American biblical scholar and theologian, and progressive Christian activist

Walter Philip Wink (May 21, 1935 – May 10, 2012) was an American Biblical scholar, theologian, and activist who was an important figure in Progressive Christianity. Wink spent much of his career teaching at Auburn Theological Seminary in New York City. He was well known for his advocacy of and work related to nonviolent resistance and his seminal works on "The Powers", Naming the Powers (1984), Unmasking the Powers (1986), Engaging the Powers (1992), When the Powers Fall (1998), and The Powers that Be (1999), all of them commentaries on the Apostle Paul's ethic of spiritual warfare described here:
For we do not wrestle against flesh and blood, but against the rulers, against the authorities, against the cosmic powers over this present darkness, against the spiritual forces of evil in the heavenly places.
— Ephesians 6:12 (ESV)
  Breaking with Christian hermeneutic tradition of Christian demonology, he interprets Paul's hierarchy of "rulers" to refer to imperial powers, with corresponding and political theologies and ideologies of state violence. Giving examples from ancient Babylon through the popular media of today, these are supported by, in a phrase he coined "the myth of redemptive violence".

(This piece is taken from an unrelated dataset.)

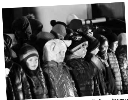
Vystoupení při rozsvícení vánočního stromu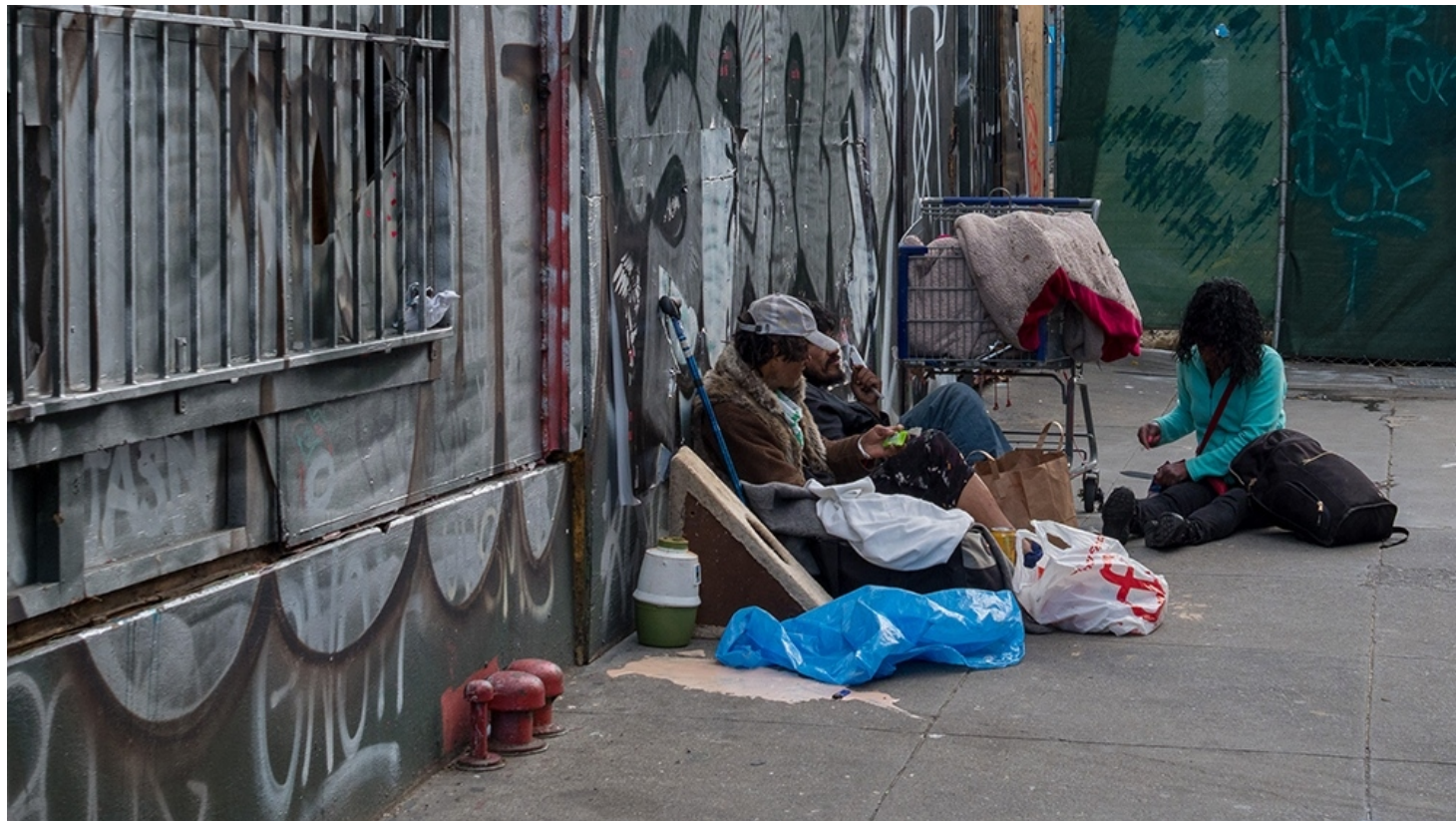
En un país donde hay alimentos y riquezas de todo tipo en abundancia, la pobreza sigue aumentando.

Gran parte de los argentinos están conmovidos por el ritual de esta religión contemporánea que es el fútbol. Estos ceremoniales llegan a tal punto que no faltan sectores minoritarios que consideren que hay argentinos que tienen a la pelota por cabeza.

==Early life and education==
Wink was born in Dallas on May 21, 1935. His father first owned a hardware store and later worked as a salesman for the Fuller Brush Company. He was raised in a liberal Methodist church but also attended a Pentecostal congregation but while spending a summer in Oregon during college.

Wink earned a B.A. from Southern Methodist University in 1956, majoring in history, and minoring in philosophy and English. He completed his Master of Divinity in 1959 and his Ph.D. in 1963, both from Union Theological Seminary in New York City and was ordained as a Methodist minister in 1961.

==Career==
After ordination, Wink served as Pastor of First United Methodist Church, in Hitchcock, Texas from 1962–67. He then returned to Union Seminary as an Assistant Professor of New Testament, then Associate Professor of New Testament, from 1967–1976. After being denied tenure at Union, he began teaching at Auburn Theological Seminary, remaining there until his death, when he was Professor Emeritus. His faculty discipline was Biblical interpretation. In 1989–1990, he was a Peace Fellow at the United States Institute of Peace.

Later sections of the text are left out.